Ray Reconstruction: DLSS3.5 güncellemesi ile gelen ve sadece DLSS beraberinde açabildiğimiz Ray Reconstruction, ışın izleme ile oluşturulan yansımalardaki görsel kirlenmeyi azaltan ve bu yansımaları netleştiren bir teknolojiydi. Lakin bunu yaparken eli kayıp kimi dokulardaki detayları da elimine edebiliyordu. Transformer algoritması sayesinde Ray Reconstruction’ın bu dezavantajı da ciddi oranda törpülenmiş. Lakin 2000 ve 3000 serisi kartlarda hem Transformer algoritmasına geçip hem RR açarsanız ciddi performans kayıpları ile karşılaşabileceğinizi belirteyim. 4000 serisinden aşağısında yeni DLSS’i kullanın ama yanında RR açmayın.

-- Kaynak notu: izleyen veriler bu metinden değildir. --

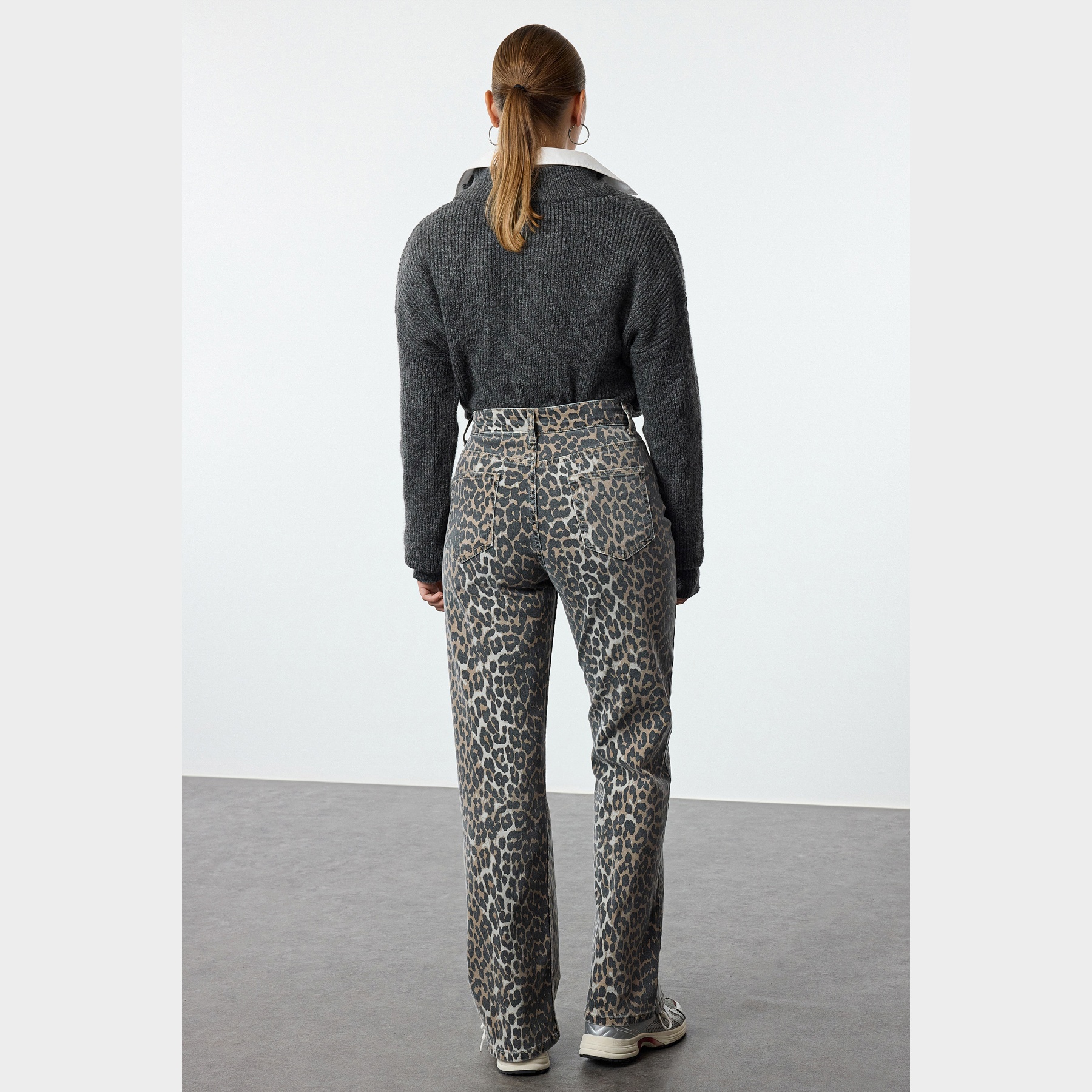- الخصائص الإضافية: خامة مرنة – نقشة ليوبارد – قصة واسعة – خصر مرتفع – إغلاق بزر وسحاب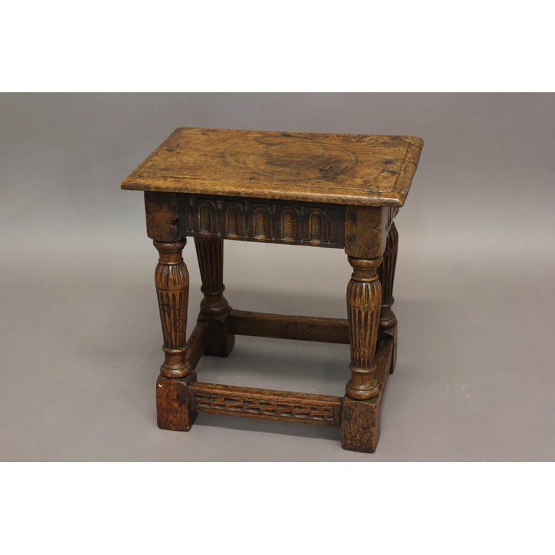 AN OAK JOINT STOOL OF 16TH CENTURY DESIGN with gouged frieze and fluted legs; 43 cms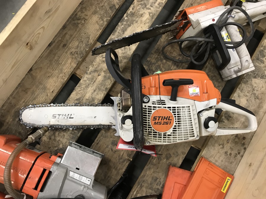 KEDJESÅG MS261 - startar. Defekt kastskydd och handtag.
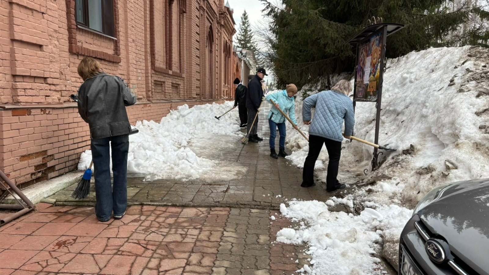 Мы активно поработали на прилегающей территории: ворошили и раскидывали плотные снежные кучи. Зачем? Всё просто: рыхлый снег тает в разы быстрее! Мы стараемся, чтобы путь к нашему кинотеатру стал сухим и комфортным для вас как можно скорее.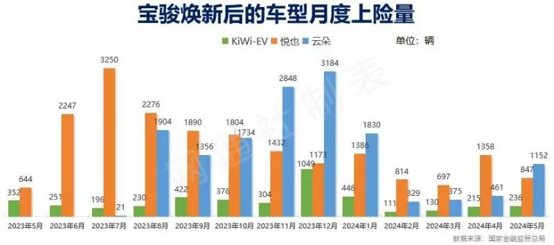 寶駿品牌,憑借寶駿730、寶駿510、寶駿310等車型,創下了令人稱道的銷量神話,可隨后在2019年,為了實現品牌向上,SGMW推出了新寶駿,然而因未能打開市場,最終銷聲匿跡。2023年,寶駿品牌響應市場再度煥新,全面轉向新能源,然而KiWi EV、悅也、云朵三款車型,今年的月上險量也只是徘徊在兩千輛的水平。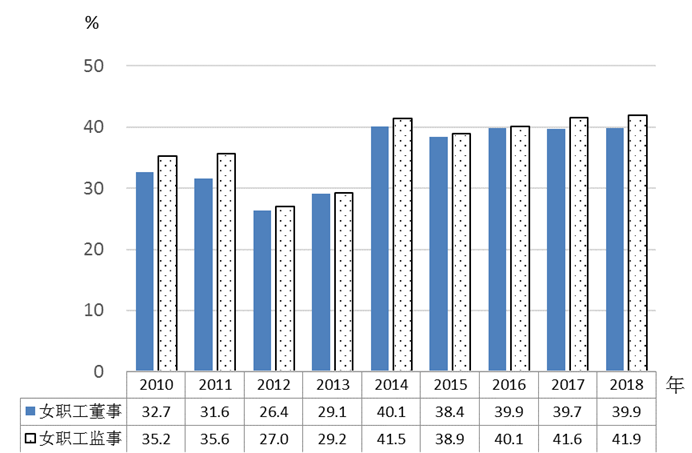 2.女性积极参与企业经营管理。2018年,企业董事会中女职工董事占职工董事的比重为39.9%,企业监事会中女职工监事占职工监事的比重为41.9%,分别比上年提高0.2和0.3个百分点,与2010年相比分别提高7.2和6.7个百分点(见图6)。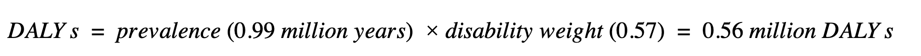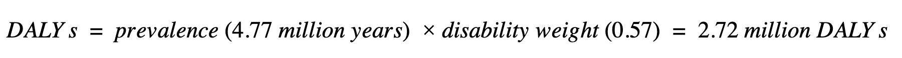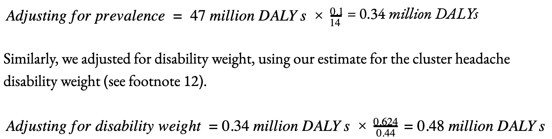 To estimate the global DALYs for cluster headaches, we use the global DALYs for migraines as a reference point. To adjust for prevalence, we multiplied migraine DALYs (47 million) by the ratio of the prevalence of cluster headaches (0.1%; Ekbom et al., 2006; Leone & May, 2020) to migraines (14%; Stovner et al., 2018), naively assuming that the active headache time period the demographic distribution and age distribution is equivalent for migraine and cluster headache sufferers.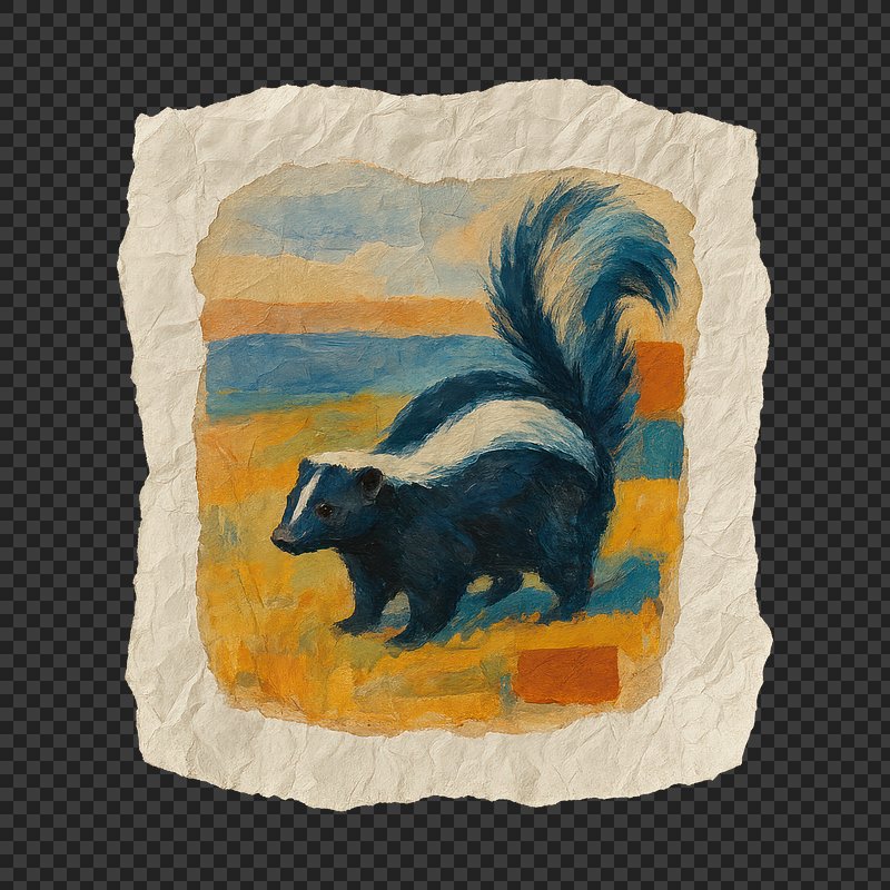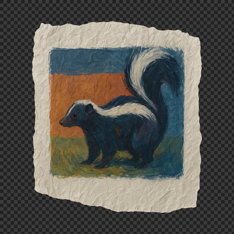 PNG Colorful skunk painting on paper. https://www.rawpixel.com/image/24117390/png-colorful-skunk-painting-paperView license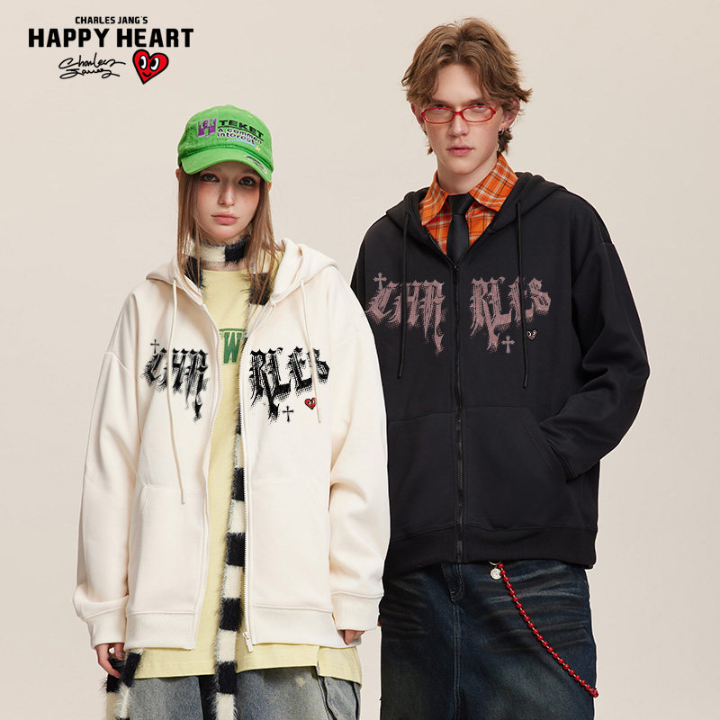 查尔斯桃心 美式开衫连帽卫衣男春秋季2025新款潮牌百搭休闲外套

Bunların yanında Neural Texture Compression (Yapay Zeka destekli doku sıkıştırma teknolojisi, VRAM kullanımını azaltacak), RTX Mega Geometry (Işın izleme beraberinde dokulardaki geometri detayını artıracak) gibi başka teknolojiler de duyuruldu ancak bunlar henüz biz oyuncuları ilgilendirecek şeyler değil. Software Development Kit olarak geliştiricilere sunuluyorlar ve oyun geliştirme sürecinin en başında hesaba katılmaları gerekecek. Bu yüzden de meyvelerini tahminimce yıllar sonra yiyebileceğiz.